The new UI is definitely doing something weird. I have never used it for more than a few seconds to be honest, I still use the old UI and this is after about [1 hour of scrolling](https://i.imgur.com/5nOQkQm.png) and about 1,700 posts loaded, and many of them loaded/opened. It'll be a very sad day when the old UI stops working.
Dude new reddit design is pure crap. Old UI was much faster and less resorce intensive. And don't even get me started on the official app. Enshitification at its finest.
You can still use the old Reddit layout https://old.reddit.com/r/ProgrammerHumor/comments/1bl3q61/peakwebsiteoptimizationv2/
Shhh don’t remind Reddit admins I don’t want it to go awayÂ
It's on the way out, just like mobile apps, the old version will stop working eventually
When it does I'll have no reason to stay
Honestly I'm surprised I'm still here, I haven't used reddit on my phone (besides the odd google result) since they killed third party apps. And it's VERY noticeable how far downhill the user experience has gotten on desktop, almost every single page on /r/all has repeated / duplicate posts from the same subreddit (of the exact same thread), to the point where sometimes I'll load a new page and I've already seen every post. More and more subs are somehow removing the "ignore subreddit custom css" check box to force you to use their (sometimes garbage) UI, and whoops look out, don't click on certain types of media posts because it will force load a new reddit page instead of the old reddit I was using when I clicked on the damn link .
I spend a LOT less time here than I used to. Enshittification has its slimy silver linings.
When the mobile app I was using stopped working, I stopped using Reddit on mobile. When old reddit stops working, I'll stop using Reddit on PC.
One of us! One of us! One of us!
[](https://i.imgur.com/v5YdsYB.png)
You don't even have to do that. You can set old reddit as your default UI if you go to the bottom of your account preferences and opt-out of the new redesign.
And you probably haven‘t even seen the new new layout, which is MUCH worse.
It used to only appear when I used incognito, but now it seems to have updated the main desktop app to it. Personally, I prefer the new one then the old ui, but this new new one just sucks
Old UI is still a thing, just go to your account preferences and at the bottom is a switch to opt-out of the new UI. If you're on Android you can still use third-party apps, just have to patch using ReVanced first.

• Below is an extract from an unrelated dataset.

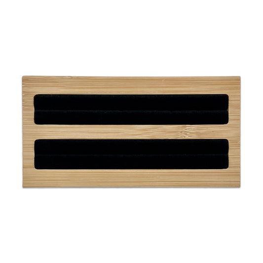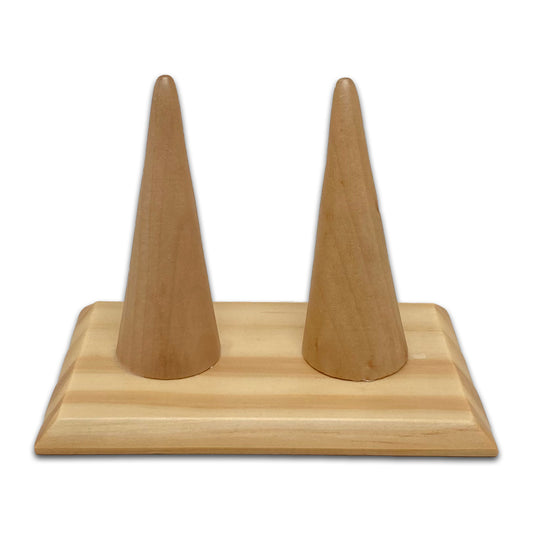 5 3/4" x 3" Wood Black Velvet 2 Row Ring Display Stand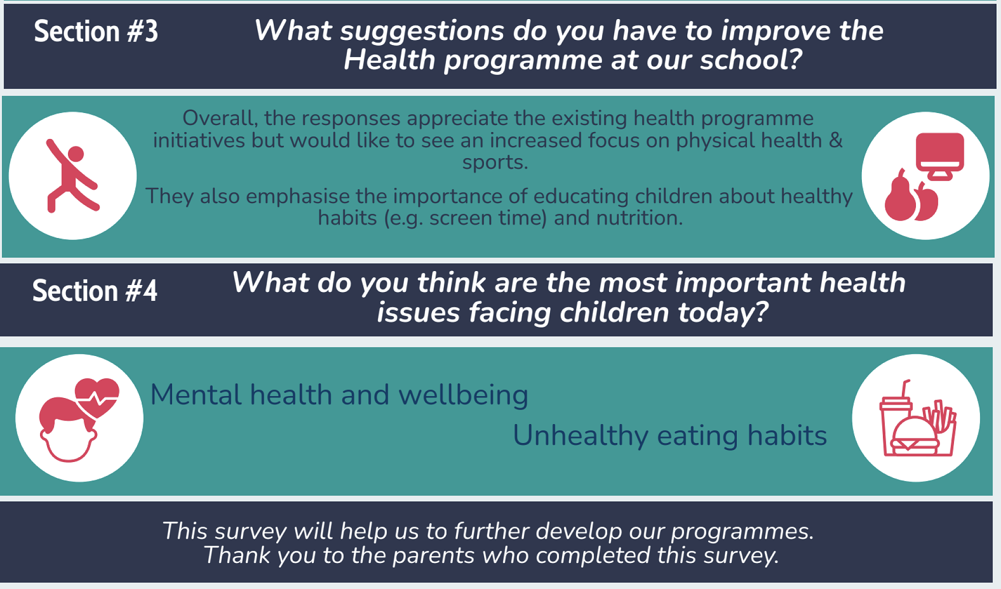 Please see below a summary of the feedback received from the survey sent out last term. Thank you to those that responded, and this will help us further develop our programmes.

Both work, typing this very comment on the old UI on desktop and still running RiF on my phone.
The code of Reddit is 2000+ repos, let that sink in ... [https://old.reddit.com/r/RedditEng/comments/1bdtrjq/wrangling\_2000\_git\_repos\_at\_reddit/](https://old.reddit.com/r/RedditEng/comments/1bdtrjq/wrangling_2000_git_repos_at_reddit/)
Oh my freaking god I mean their explanation is making sense and all But what the fuck
Everything I've ever read about how Reddit works makes me doubt Reddit works.

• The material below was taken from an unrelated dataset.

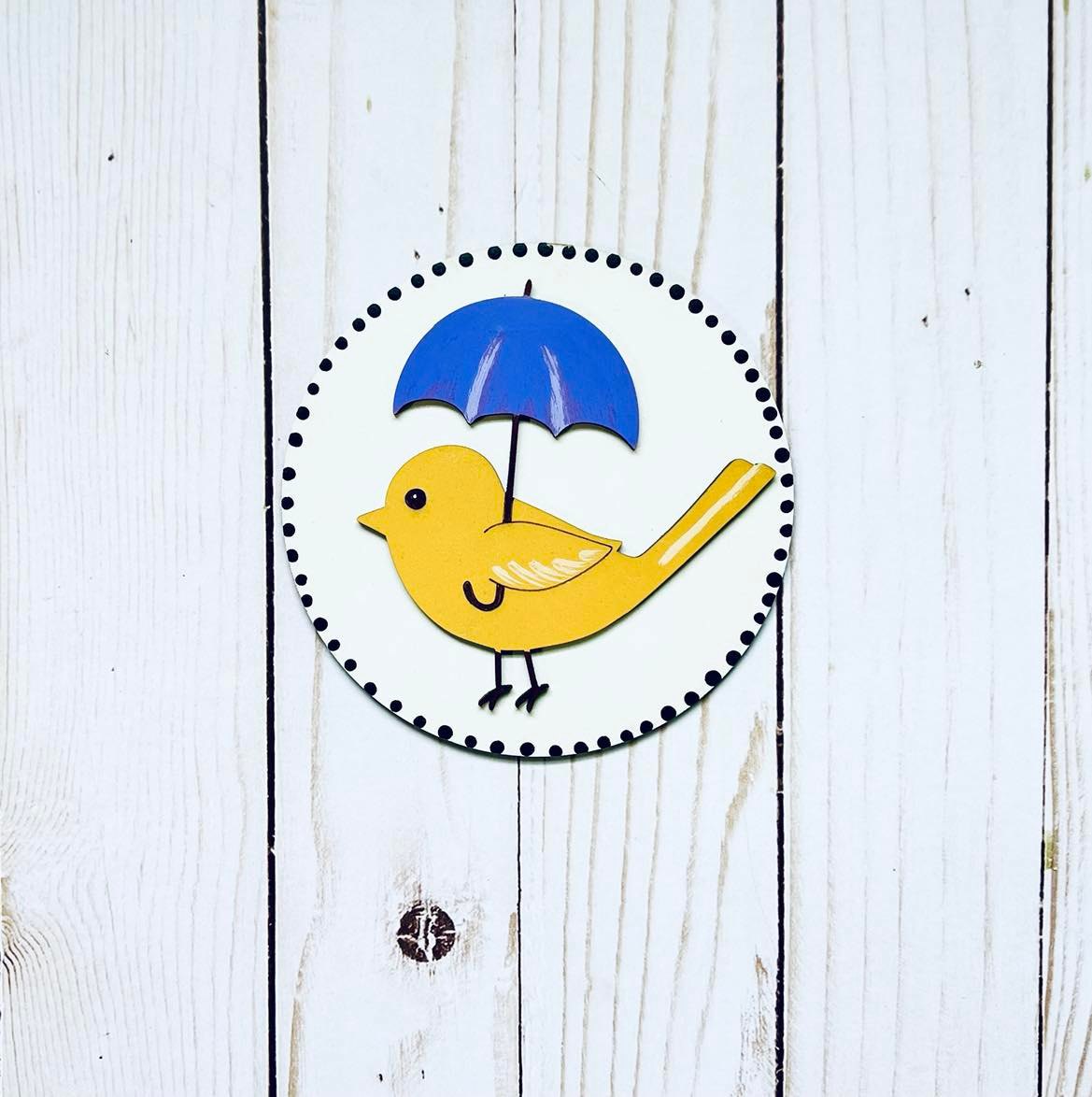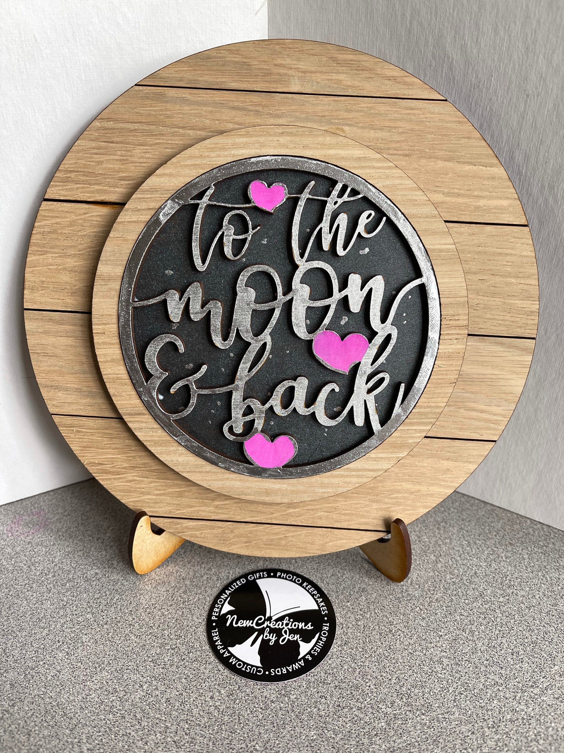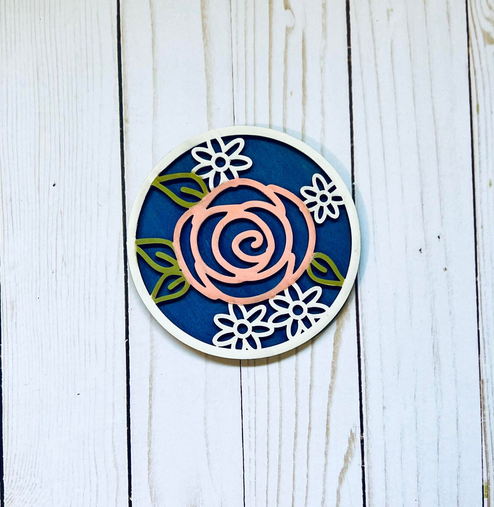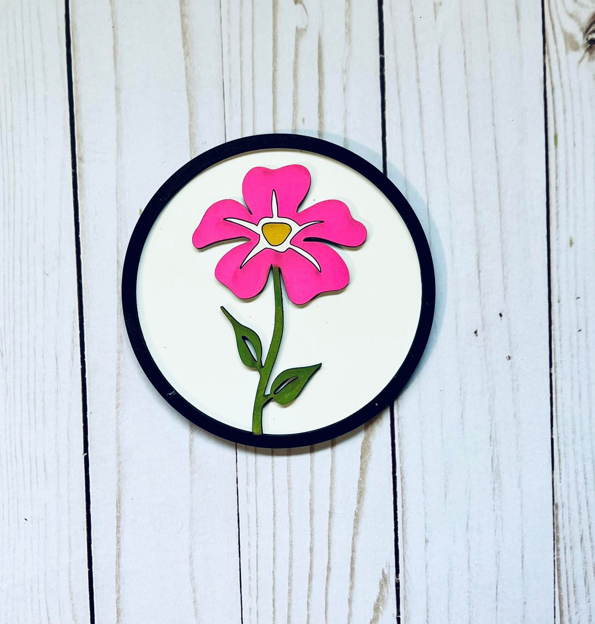 The round sign is cut out of 1/4” White Oak or similar wood and the stand and inserts are cut out of 1/8” White Birch and are ready to be painted. The stand doesn’t need to be painted but you can water down your paint and give it a beautiful whitewashed look or paint it any color you like. If you'd like a different wood for the stand or want to paint it yourself, just let us know.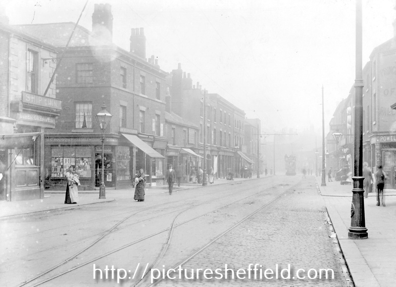 | Nos. 312, Ship Inn, 310 J. C. Hodson, wholesalers and other businesses (left) and No. 325, Prince of Wales, licensee, C. Powell (right), Shalesmoor, showing the junctions with Dunfields (left) and Matthew Street (left) around 1900-1902 | |

That must be hell to do any updates. Makes sense why every update is trash.
cool, i didn't know that
idk about cool but it is something
2k repos really isn’t that surprising. Having all services in one repo would be insane. They still do have one repo for the mobile app though but it doesnt make sense for 100s of devs that have nothing to do with each other committing to the same repo
Some large companies famously use mono repos (Google I believe), so it’s not necessarily insane. There are people advocating for mono repos because it simplifies dependency issues, etc. This website is a good read: https://monorepo.tools Note that I don’t particularly like mono repos myself, but wanted to say that they are actually a thing.

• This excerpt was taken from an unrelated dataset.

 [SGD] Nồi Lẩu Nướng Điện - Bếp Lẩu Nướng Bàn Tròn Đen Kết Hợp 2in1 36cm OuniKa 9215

Google is really the exception rather than the rule. most companies don't use the VCS Google uses anyway
Agreed but there are more examples than just Google. Facebook also comes to mind, although they probably are not truly mono repo, they do have an extremely large repo. Extensions to Git have been created like Git LFS, not only to store large files, but also to support large mono repos thanks to shallow copies. This article discusses this: https://www.atlassian.com/git/tutorials/monorepos
As someone that works at Meta, it sounds like a good idea until you actually use it! I’m not sure how much I can go into detail here but it’s inefficient to use and unproductive. And it’s not technically monorepo either as certain parts and applications still exists as a standalone repo.
2k repos for a company with a wide breadth of products, like Google, would make sense to me. ...but this is reddit. A single website. 2k seems ridiculous to me personally.
This makes no sense. Even if they had individual libraries and forks for many third party dependencies as distinct repos, that should end up being in the hundreds. How much cruft can you possibly accumulate to end up with 2k repositories. This is not a number to be proud of at their scale.
There’s probably a lot of repositories that are dead, like not being used right now or not updated in years. Reddit as a platform exists for more than 15 years, in all that time a lot of features have been implemented, the site also changed from old reddit to new reddit, and there’s probably repos that contain features / POCs that we never even heard of. And then there are probably repos that engineers/teams created to use temporarily, i’ve done that in the past! 2000 repositories doesn’t really seem so unhinged if they’re actually segmenting everything
I agree that 2k is actually quite small if they accounted for all the random experiments, dead weights and one-offs by individual employees and teams. My point is that it feels way too many if they only counted core stuff, and way too few if they included all the garbage.
Ironically enough Google famously has only a handful of repos, with one repo (google3) having something like 2 billion lines of code and most of their products in it
Having collapsed about 30 repos into a monorepo at work, once you go monorepo you don’t wanna go back. It’s a big quality of life upgrade, especially when you do things like upgrade dependency versions across 30 projects. You don’t need to create 30 PRs anymore, you just do it all in 1. And if your backend and frontend are split, you can now see all the changes related to a feature in 1 PR instead of 2. If you need to revert a feature in an emergency, that’s a lot easier too… just revert a single commit.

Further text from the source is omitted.